EM of sars-cov-2 budding from apoptotic (dying) cells–NIAID

A review of psychiatric and neurological complications from SARS and MERS compared with COVID-19, published in Lancet Psychiatry May 18 (full text)  assessed common symptoms associated with acute illness and after recovery by meta-analysis of multiple articles (65 articles and seven pre-prints were selected for quality and comprehensiveness) :

Neuropsychiatric symptoms associated with COVID-19

Acute neuropsychiatric symptoms of SARS and MERS (both diseases with much higher mortality rates but caused by closely related coronaviruses): confusion, impaired memory, insomnia, anxiety, and depressed mood.  Post-illness (assuming the patient recovered from the acute illness): insomnia, anxiety, irritability, memory impairment, fatigue, depressed mood, and “traumatic memories” (similar to post-traumatic stress disorder.)  Three-quarters of recovered patients had returned to work after three years of followup.

Neuropsychiatric symptoms associated with  COVID-19: delirium (and confusion with agitation) occurred in two-thirds of patients admitted to intensive care.  Altered consciousness on admission was seen in about 20% of patients who subsequently died.  At discharge, a third of patients assessed had “dysexecutive syndrome” (difficulty in making decisions, apparently.)

Exact figures from the text:

Acute illness; “common symptoms among patients admitted to hospital for SARS or MERS included confusion (36 [27·9%; 95% CI 20·5–36·0] of 129 patients), depressed mood (42 [32·6%; 24·7–40·9] of 129), anxiety (46 [35·7%; 27·6–44·2] of 129), impaired memory (44 [34·1%; 26·2–42·5] of 129), and insomnia (54 [41·9%; 22·5–50·5] of 129). ”

Post-illness: “depressed mood (35 [10·5%; 95% CI 7·5–14·1] of 332 patients), insomnia (34 [12·1%; 8·6–16·3] of 280), anxiety (21 [12·3%; 7·7–17·7] of 171), irritability (28 [12·8%; 8·7–17·6] of 218), memory impairment (44 [18·9%; 14·1–24·2] of 233), fatigue (61 [19·3%; 15·1–23·9] of 316), and in one study traumatic memories (55 [30·4%; 23·9–37·3] of 181) and sleep disorder (14 [100·0%; 88·0–100·0] of 14)”

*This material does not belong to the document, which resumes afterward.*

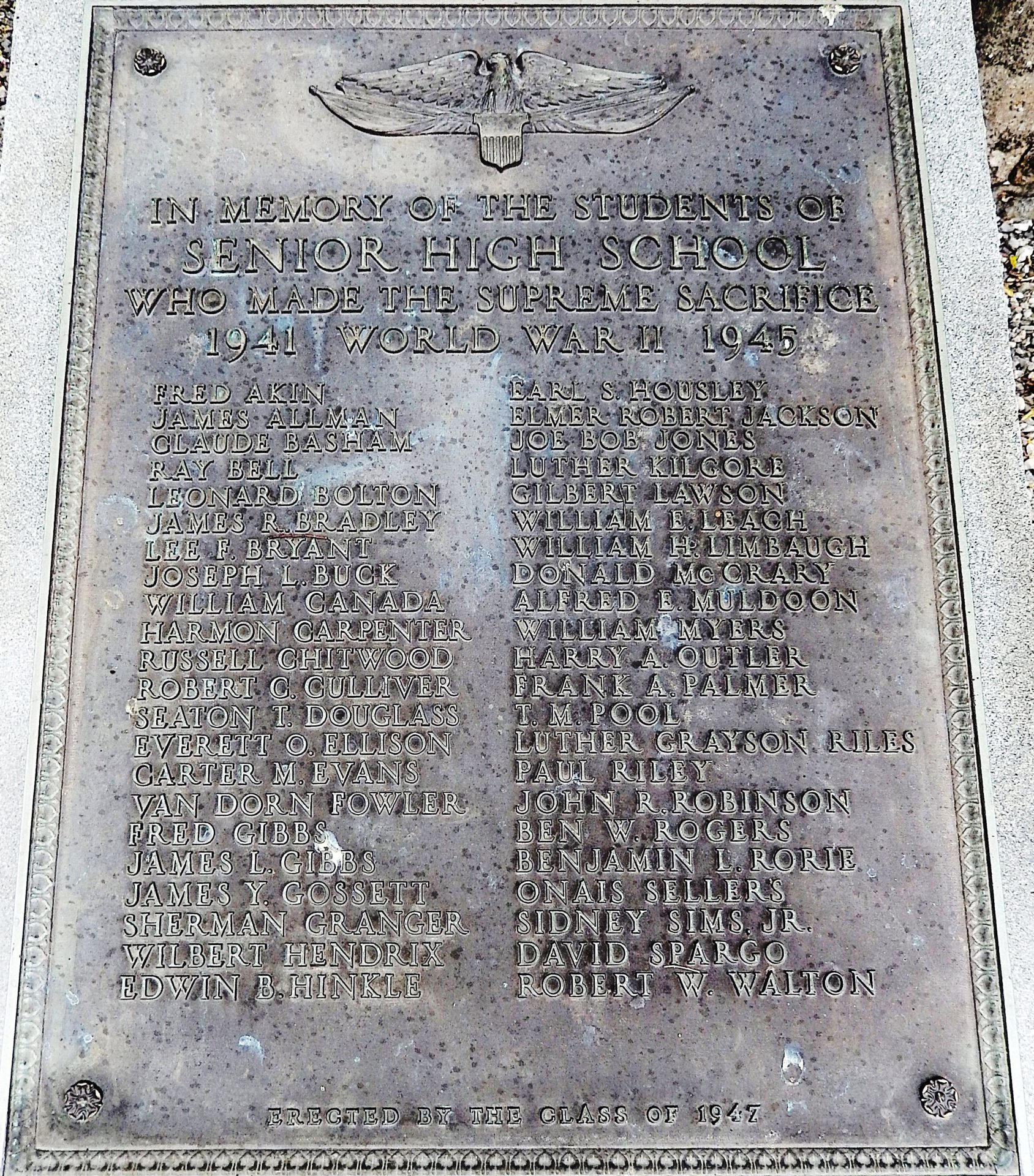 STUDENTS OF SENIOR HIGH SCHOOL WHO MADE THE SUPREME SACRIFICE WORLD WAR II MEMORIAL PLAQUE

Meta-analysis: “point prevalence of post-traumatic stress disorder was 32·2% (95% CI 23·7–42·0; 121 of 402 cases from four studies), that of depression was 14·9% (12·1–18·2; 77 of 517 cases from five studies), and that of anxiety disorders was 14·8% (11·1–19·4; 42 of 284 cases from three studies). 446 (76·9%; 95% CI 68·1–84·6) of 580 patients from six studies had returned to work at a mean follow-up time of 35·3 months (SD 40·1)”

COVID-19: ” delirium (confusion in 26 [65%] of 40 intensive care unit patients and agitation in 40 [69%] of 58 intensive care unit patients in one study, and altered consciousness in 17 [21%] of 82 patients who subsequently died in another study). At discharge, 15 (33%) of 45 patients with COVID-19 who were assessed had a dysexecutive syndrome in one study. At the time of writing, there were two reports of hypoxic encephalopathy and one report of encephalitis.”

So these diseases shared similar mental symptoms during the acute illness and we would expect chronic symptoms after recovery to be similar as well.  This is important, because about a third of patients demonstrated post-traumatic stress disorder after discharge.  About 15% of these patients had anxiety or depression as well.  Three quarters of them returned to work, but the study followed them for three years after discharge, so we would expect prolonged disability with COVID-19 as well.

Underlying Neurobiological Pathology in COVID-19

Another study published June 30 in the  Journal of Alzheimer’s Disease described itself as reviewing the neurobiology of COVID-19 and postulated three distinct phases of infection. The article summarizes a number of published reports relating to neurological symptoms in acute infection.   It says that there are a number of common symptoms that could represent direct invasion of nerve cells or a sign of the body’s reaction to the virus: “Anosmia, stroke, paralysis, cranial nerve deficits, encephalopathy, delirium, meningitis, and seizures are some of the neurological complications in patients with coronavirus disease-19” but it is not obvious what is the underlying cause (or causes) of these symptoms.

The three phases of infection hypothesized in the article are: first, direct invasion of cells lining the upper respiratory tract which express ACE-2 on their surfaces (ACE-2 is the protein to which the virus binds before it enters the cell.)  Anosmia (loss of smell sensation) and dysgeusia or ageusia (perversion or loss of taste sensation) are, the article says, separate symptoms– and dysgeusia is actually more common than anosmia.  Both symptoms, it says, are caused by direct virus invasion and damage to the epithelial cells of the nose, mouth, and throat.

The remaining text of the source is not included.